In particular, we proceed by contradiction and suppose there exists ${\displaystyle \epsilon >0}$ so that for any ${\displaystyle \delta >0}$ and ${\displaystyle \mu _{1}(T)<\delta }$, we have ${\displaystyle \mu _{2}(T)\geq \epsilon }$. Now, define a sequence of sets ${\displaystyle \{T_{n}\}_{n\in \mathbb {N} }\subseteq {\mathcal {M}}}$ such that ${\displaystyle \mu _{1}(T_{n})<{\frac {\epsilon }{2^{n}}}}$ and denote ${\displaystyle T=\limsup {T_{n}}=\cap _{n=1}^{\infty }G_{n}\in {\mathcal {M}}}$ where ${\displaystyle G_{n}=\cup _{k=n}^{\infty }T_{k}}$. We have from countable subadditivity that ${\displaystyle \mu _{1}(G_{n})\leq \sum _{k=n}^{\infty }\mu _{1}(T_{k})<\sum _{k=n}^{\infty }{\frac {\epsilon }{2^{k}}}={\frac {\epsilon }{2^{n+1}}}\,\forall n\in \mathbb {N} }$. We have from monotonicity that ${\displaystyle \mu _{2}(G_{n})\geq \epsilon \,\,\forall n\in \mathbb {N} }$. The monotonicity of the measure ${\displaystyle \mu _{1}}$ implies that ${\displaystyle \mu _{1}(\cap _{n=1}^{\infty }G_{n})=\mu _{1}(\limsup {T_{n}})=\mu _{1}(T)=0<\delta }$. Using continuity from above, we also have ${\displaystyle \mu _{2}(T)\geq \epsilon }$. However, this contradicts the definition of ${\displaystyle \mu _{2}\ll \mu _{1}}$.

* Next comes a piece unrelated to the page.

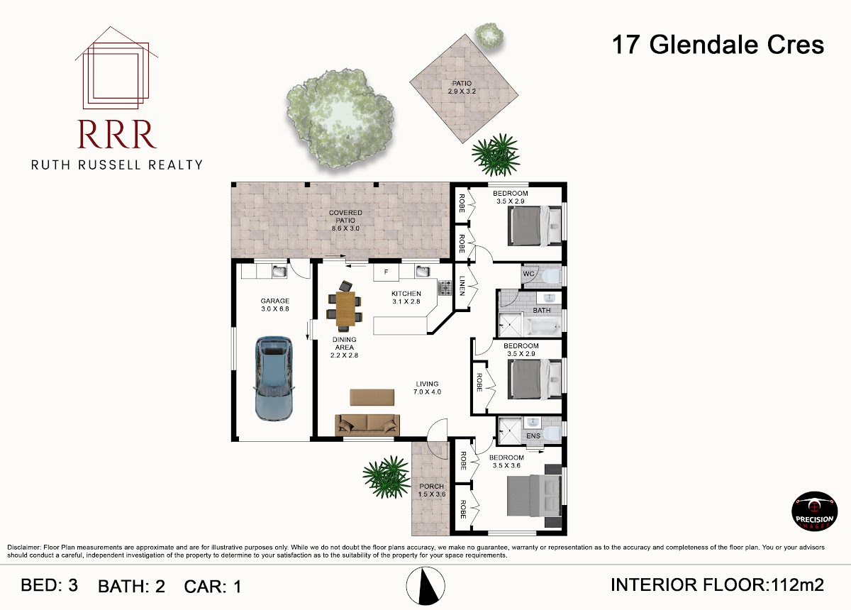 Three bedrooms, all with built-ins and garden views. The primary bedroom comes with an ensuite, whilst the other two bedrooms share the main bathroom.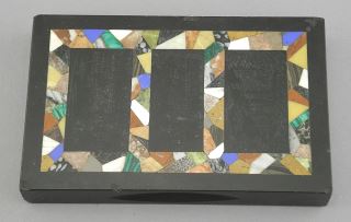 LOT 105 19th C. Pietra Dura Engraved Triptych Paper Weight, 5 5/8"w (base noted). Estimate: $100 - $150 Sold For: $110 Auction Date: Tuesday, January 28 2025 at 4:00 PM

In fact, the converse to the above result also holds (see [3]). Namely, if we have ${\displaystyle \forall \epsilon >0}$ that there exists ${\displaystyle \delta >0}$ so that ${\displaystyle \mu _{2}(T)<\epsilon }$ whenever ${\displaystyle \mu _{1}(T)<\delta }$, then ${\displaystyle \mu _{2}\ll \mu _{1}}$.

References

[1]: Taylor, M. "Measure Theory and Integration". 50-51.

[2]: Craig, K. "Math 201a: Homework 8". Refer to question 2.

[3]: Rana, I. K. "Introduction to Measure and Integration". Second Edition. 311-313.